The proposal would allow a person or company to hold a maximum of two liquor licenses in the county.
The first could be of any class -- for a tavern, restaurant, bar or liquor store -- but the second would be limited to a Class H restaurant license permitting the sale of beer, wine and liquor, or just beer and wine.
That second license would be allowed only for a restaurant at the Village at Waugh Chapel complex, the Baltimore-Washington International Airport business corridor, or in the Glen Burnie, Parole, or Odenton town centers. Shopping centers with a gross area of more than 1 million square feet -- now only Marley Station mall and Annapolis Mall -- are also included in the bill's provisions.
The draft legislation also calls for Anne Arundel Economic Development Corp. and the county Board of License Commissioners to assess the economic impact of the law after five years.

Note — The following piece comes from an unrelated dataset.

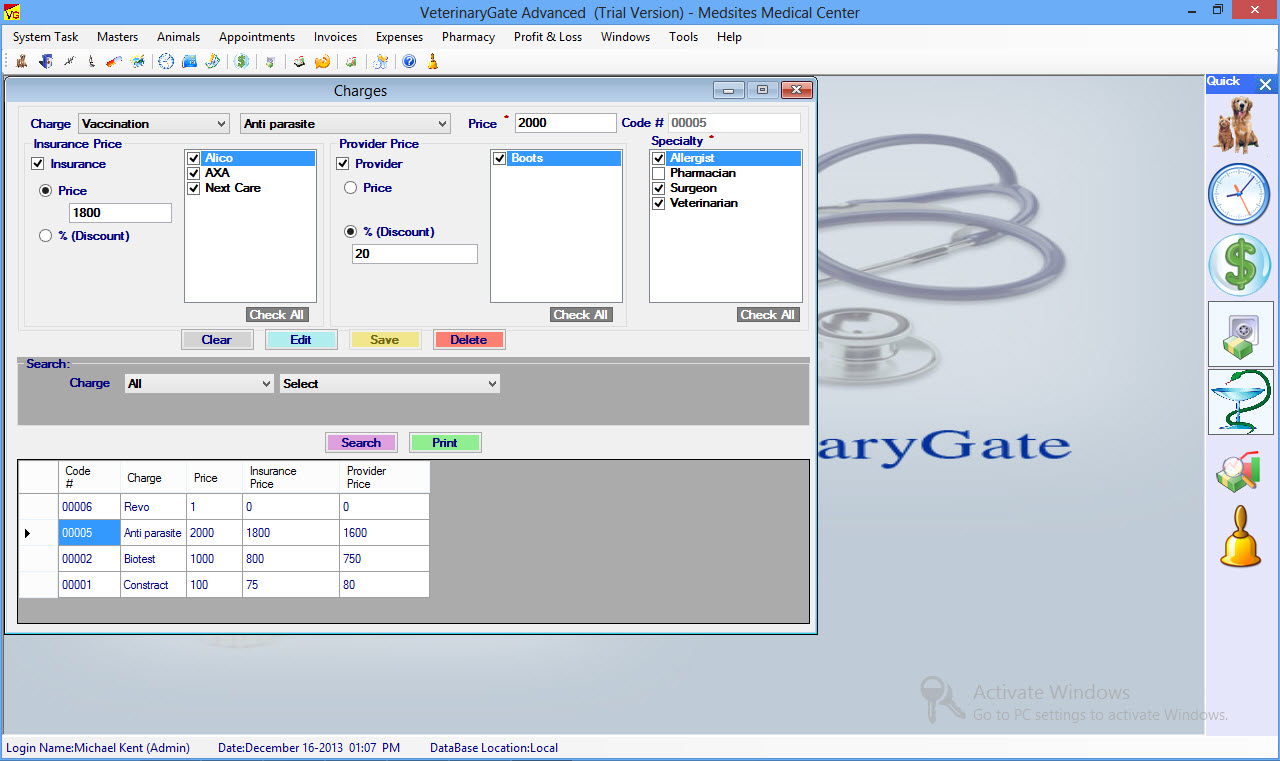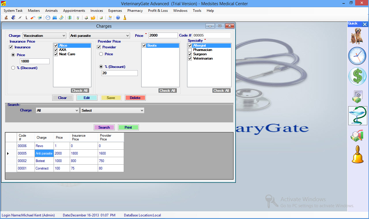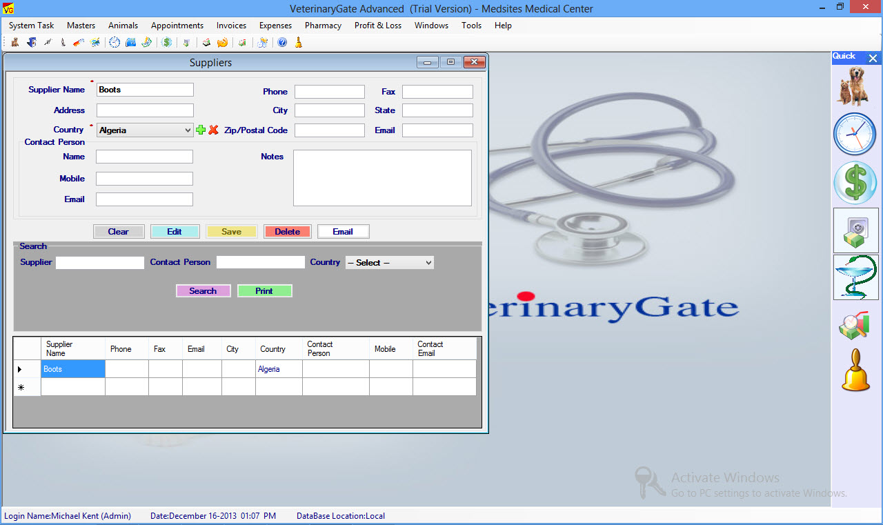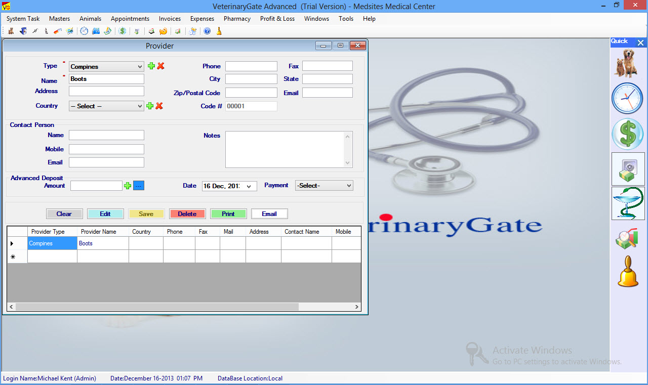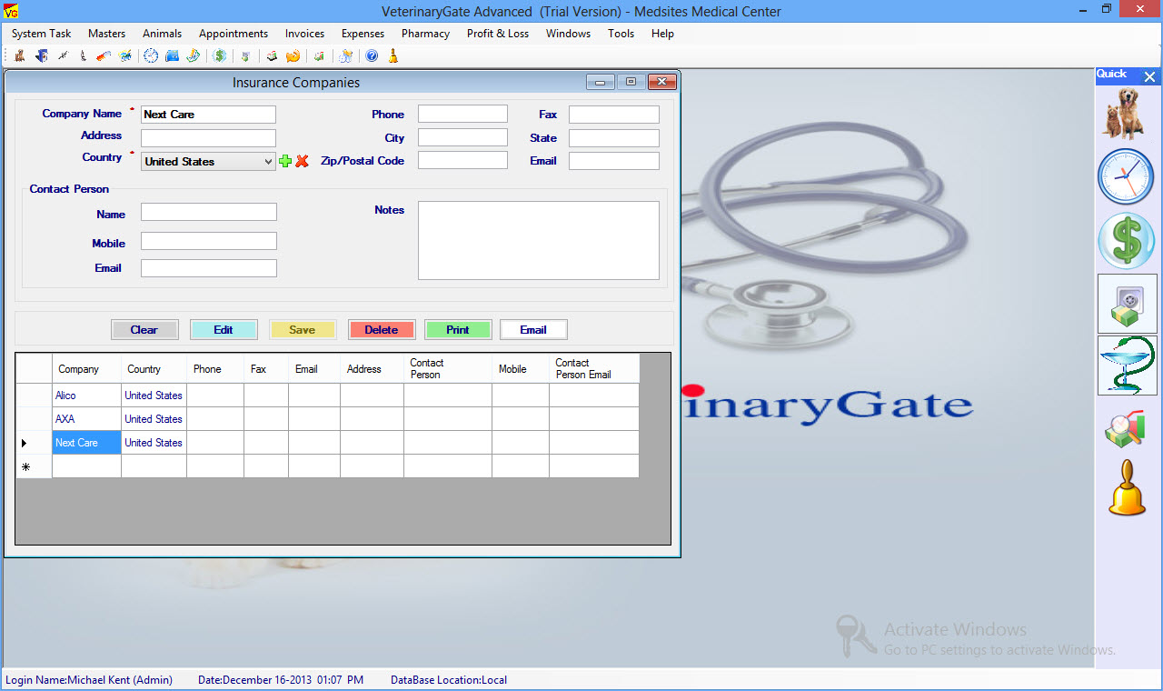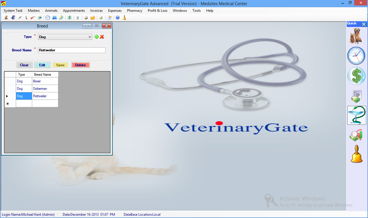 VeterinaryGate is a Veterinary Software, Veterinary Office Billing Software, Practice Management Software offers an easy to use Windows interface featuring an integration of Animal & Pet Medical Records, Appointment Scheduling, Billing, Tracking Receivables, Managing Expenses and Generating Customized Reports And Graphic Reports.

The study group decided to restrict the law's expansion to only two licenses and to areas targeted by the county for growth, so there would be less impact on the small-business owners who are most concerned about being overrun by national chains.
"We wanted to protect the existing businesses," Sophocleus said. "We want to make sure it's a bill everyone can live with."
But the Beverage Association's Aronstein, who was part of the study group, said he is not sure his group can accept it.
He said the association will be drafting another bill allowing multiple licenses, but providing for more protection for small businesses.
That bill might require a chain restaurant to purchase its second license from another county business that is going under, said Jay Schwartz, a lobbyist hired to represent the association during the 2000 legislative session.
"If you need to get one, you should buy one from someone else," Schwartz said.